Description of the task:
Starting with the first line of the data below, copy each line up to and including the one containing "93448 Wheat &". Pictures stay out.

Recorded information:
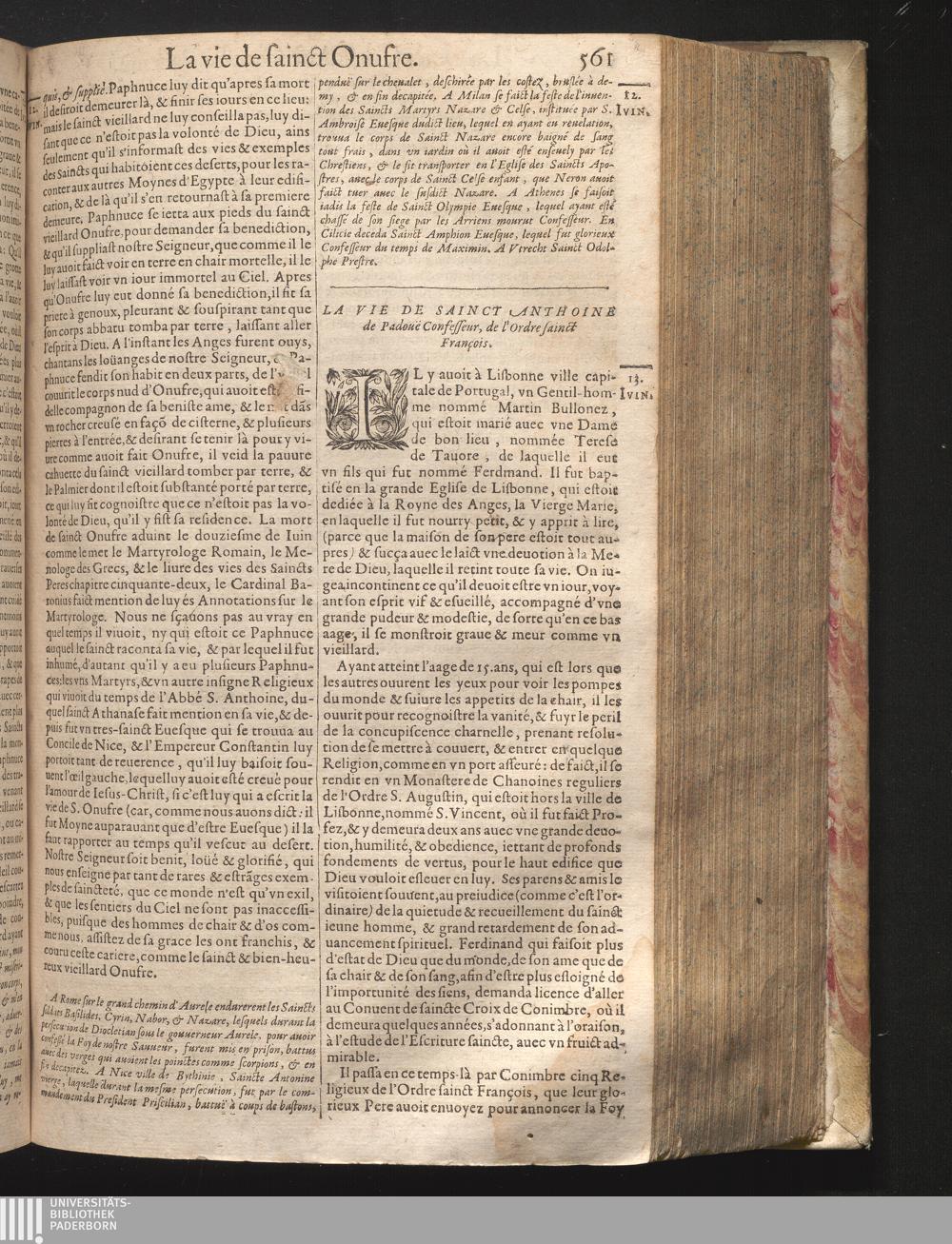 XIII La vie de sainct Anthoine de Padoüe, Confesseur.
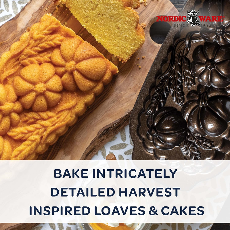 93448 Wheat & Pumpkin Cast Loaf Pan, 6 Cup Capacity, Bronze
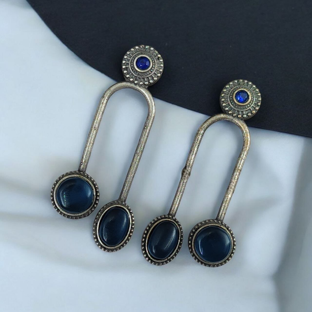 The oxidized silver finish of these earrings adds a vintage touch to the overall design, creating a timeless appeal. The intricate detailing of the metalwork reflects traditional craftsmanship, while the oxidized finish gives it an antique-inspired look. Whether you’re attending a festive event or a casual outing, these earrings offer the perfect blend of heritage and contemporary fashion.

Problem solution:
 XIII La vie de sainct Anthoine de Padoüe, Confesseur.
 93448 Wheat & Pumpkin Cast Loaf Pan, 6 Cup Capacity, Bronze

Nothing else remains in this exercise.